I’ve had a lot more success in debugging than in writing code. I had a problem with adjusting the sample rate of a certain metrics framework in a java application, and stackoverflow failed me, both when searching for an aswer and when asking the question. However, when I in some desperation asked GPT 3.5, I received a great answer which pinpointed the necessary adjustment.
However, asking it to write simple code snippets, i.e. for migrating to a different elasticsearch client framework, has not been great. I’m often met with the confident wrong answers.

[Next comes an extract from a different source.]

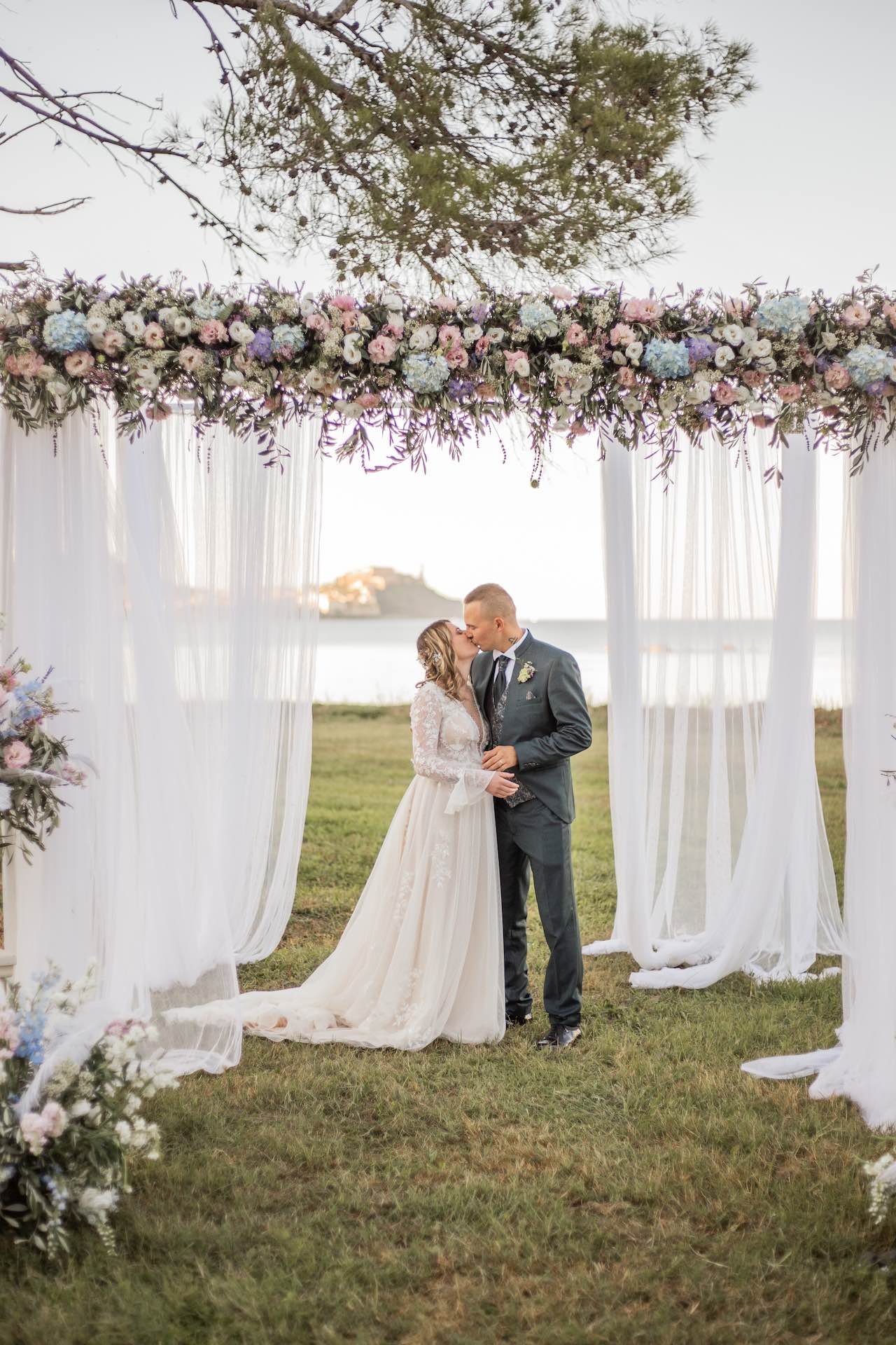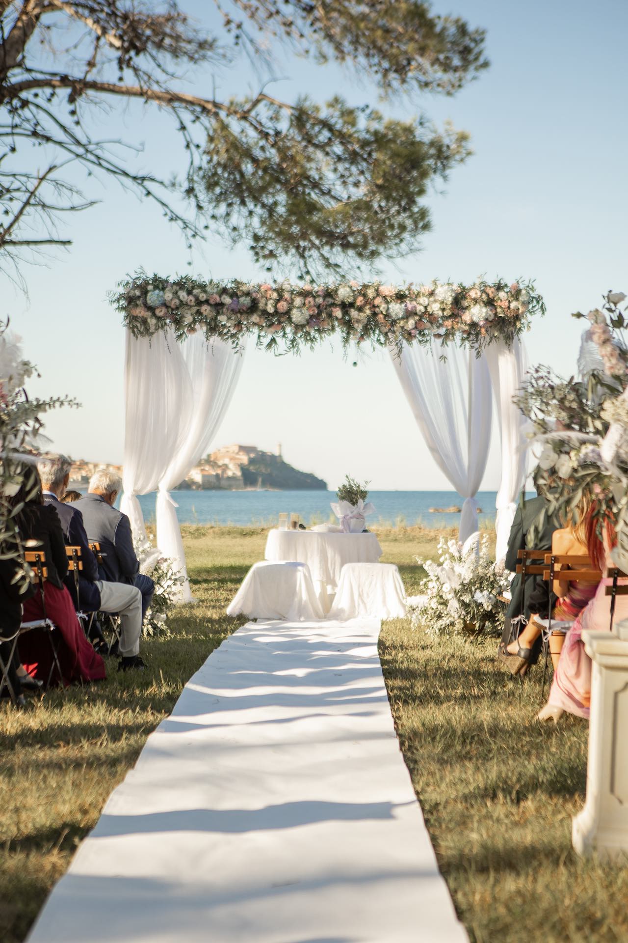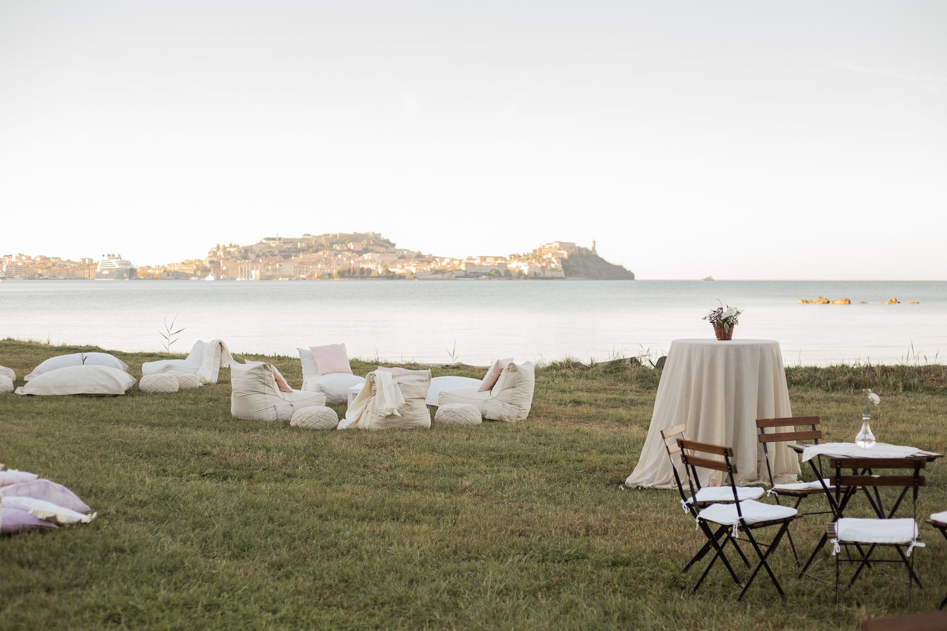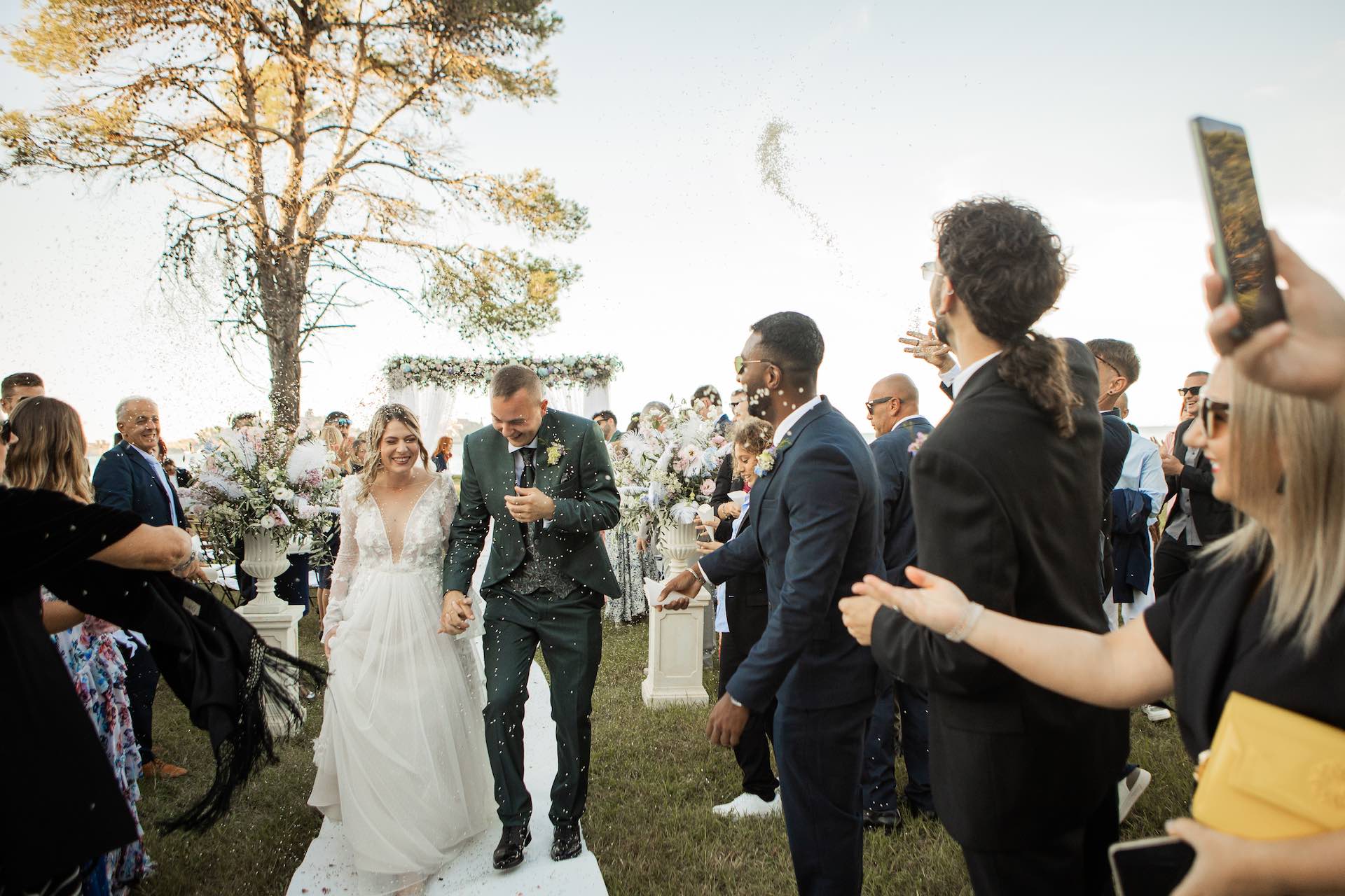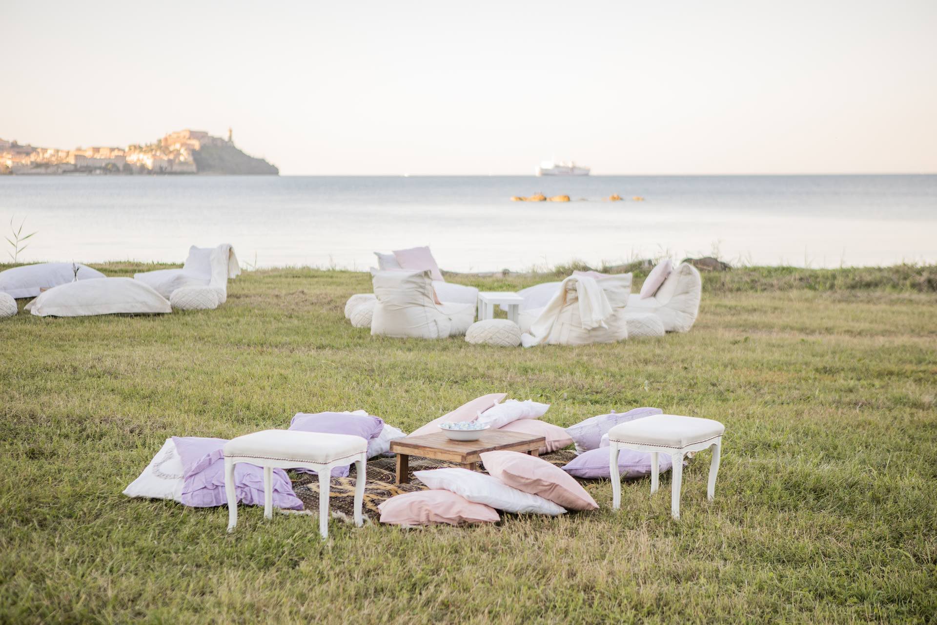 L’Elba, la più grande delle sette isole della Toscana, è il “Luogo del Cuore” per molte coppie che decidono di convolare a nozze perché i suoi paesaggi sono unici e capaci di regalare profumi e colori diversi in ogni stagione dell’anno. Milena e Vlad, una giovane coppia dell’Isola d’Elba, ha scelto di celebrare il matrimonio in un terreno conosciuto come Podere I Sassi che si affaccia sul Golfo di Portoferraio, e il Ristoro Montefabbrello, un agriturismo che profuma di terra, olivo e vigna. Dimitri, il proprietario nonché gestore, si è occupato magistralmente del catering: l’aperitivo a base di prelibatezze cucinate con prodotti a Km 0 è stato organizzato nel Podere I Sassi al termine della cerimonia civile, mentre la cena di nozze si è tenuta al Ristoro tra luci, candele e fiori di campo. Gli sposi, sotto la mia guida di wedding planner, hanno scelto un allestimento romantico con fiori semplici la cui palette ha spaziato dai toni del celeste cenere e rosa tenue a quelli del viola chiaro, il tutto impreziosito da piume bianche. Il periodo scelto per l’organizzazione del loro matrimonio una domenica d’autunno baciata dal sole che ha celebrato e benedetto l’amore di Vlad, Milena e del piccolo Ivan. Un’esperienza unica per gli sposi e per i loro invitati che ricorderanno sempre come un matrimonio da sogno.

Yeah not soon, 3-10 years I’d guess. The latest research tracking AI growth says that our best models can solve entry level CS problems at 85% success. That’s not good
It’s obvious that humans do more than just pattern matching. I think I would rate the current systems as a 25% speedup to my workflow, not bad, but only for menial tasks
Google Gemini Powered AlphaCode 2 Technical Report
HumanEval achieved 74.4%, surpassing GPT-4 at 67%. It successfully solves 43% of problems in the latest Codeforces rounds with 10 attempts. The evaluation considered the time penalty, and it still ranks in the 85th percentile or higher. AlphaCode 2 already beats 85% of people in top programming competitions (which are already better than 99% of engineers out there). So, I believe AI already writes better short code than the average programmer, but I don’t think it can debug any code yet. I’d say it will need a platform to test and iteratively rewrite the code, and I don’t see that happening earlier than 3 years.
I actually have used it to debug code before. Not an entire program (yet) but it’s great for snippets where you’re just missing a semicolon or bracket, or need advice on how to properly call a weird function. It also writes small things like batch files incredibly well. Just like with regular language, it’s great for a few paragraphs, then begins to drift as it struggles to parse longer conversations. So if you only need it for a few “paragraphs” of code, it’s great.
I also like to give AI my code and just ask to rewrite it, implementing a cleaner solution and upholding best practices. Most times, there are things that are really an improvement!
Yup. Every time I feed it my code, I find some new trick or method I hadn’t thought of before. Being self-taught, it really is a remarkable tool for seeing what efficient code looks like.
deleted by creator
Probably already does.
This doesn’t say what you think it does. It simply indicates that you have no idea what you’re talking about.